## Exercise aim
Starting at the line that contains "465 SCHRAFFT'S CITY CENTER", write out every line through the end of the records exactly as it stands, and leave out all pictures.
+++ Provided data
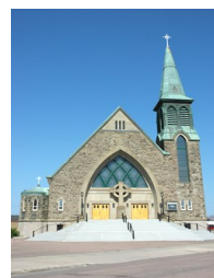
Saint Augustine's 340 Dominion Street Moncton, NB
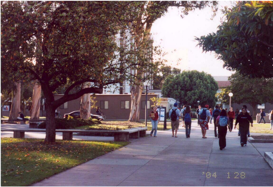
Auto on walkway to the west of Webb Hall, as it approaches the busy walkway connecting Engineering I to the Davidson Library (2004/01/28).
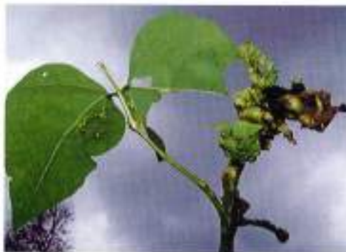
Gall wasp damage on Erythrina sp.

Alien invasive species have invaded native biota in virtually every ecosystem of earth, causing economic damage to biodiversity and the valuable natural agricultural system we depend upon. Such outbreaks of exotic pests viz. , coffee berry borer Hypothenemus hampei Ferrari (Curculionidae: Coleoptera), serpentine leaf miner Liriomyza trifolii (Burgess), (Agromyzidae : Diptera), spiralling whitefly Aleurodicus dispersus Russell (Aleurodidae : Hemiptera), coconut eriophyid mite Aceria guerreronis Keifer (Eriophyidae : Acari), erythrina gall wasp, Quadrasticus erythrinae
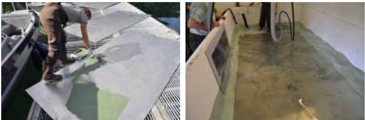
Figure 1. Painting of the steel plates (left), and cleaning of the steel plates in the test-tank (right).

Suspended solid (SS) was determined by the Eurofins Laboratory, Moss, Norway according to NS-EN 872 and NS 4733. A glassfiber filter GF/F (0.7 \mu\text{m} ) is washed with distilled water, dried at 105 °C for 30 minutes, then ignited at 480 °C for 2 hours and finally weighed. A known volume of the sample is filtered and the filter was dried for 2 hour and weighed. The SS is represented by the weight increase. Lowest reported value: 1.5 mg/l.
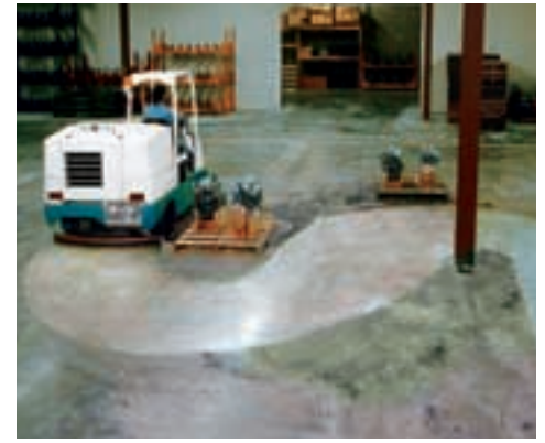
Front wheel propulsion makes for dynamic maneuverability around obstacles.
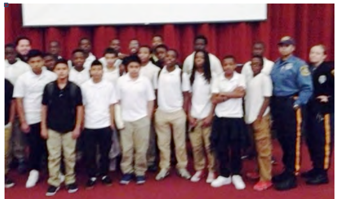
Pictured: Eight grade Prep students pose with members of the Juvenile Justice Commission.
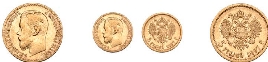
G 868 Nicholas II , 5 Roubles, 1897, St. Petersburg (Fr. 180; KM 62). Very fine
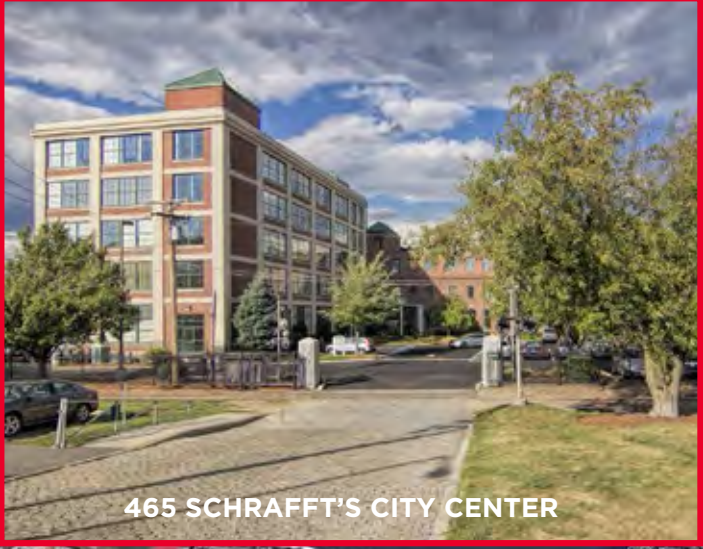
465 SCHRAFFT'S CITY CENTER
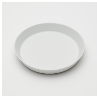
PN: IR/010 Name: Plate 210 Color: White Matt Size: φ210 H33 Price: ¥9,000
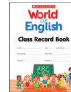
Class Record Book (1 book per level)
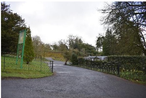
Entrance from the road to the car park
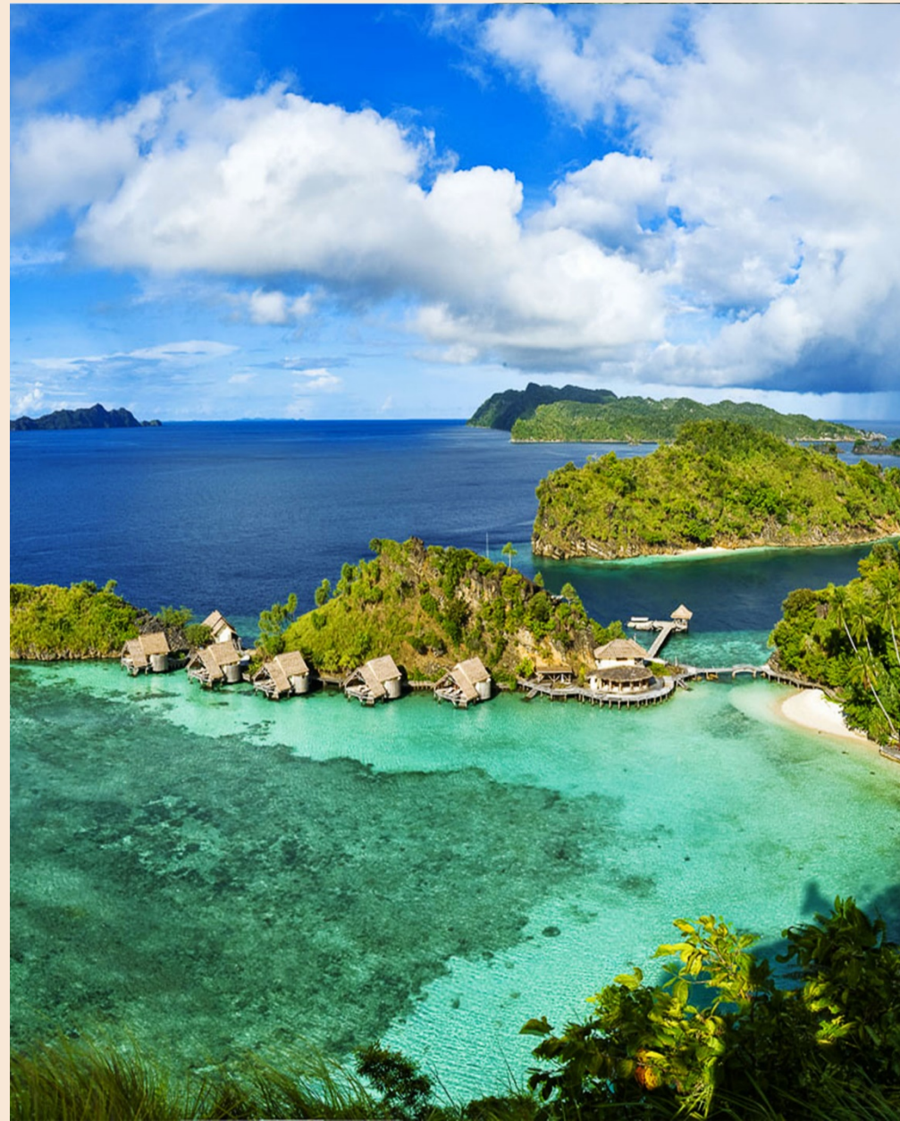
MISOOL ECO RESORT
++++++
## Result of the exercise
465 SCHRAFFT'S CITY CENTER
PN: IR/010 Name: Plate 210 Color: White Matt Size: φ210 H33 Price: ¥9,000
Class Record Book (1 book per level)
Entrance from the road to the car park
MISOOL ECO RESORT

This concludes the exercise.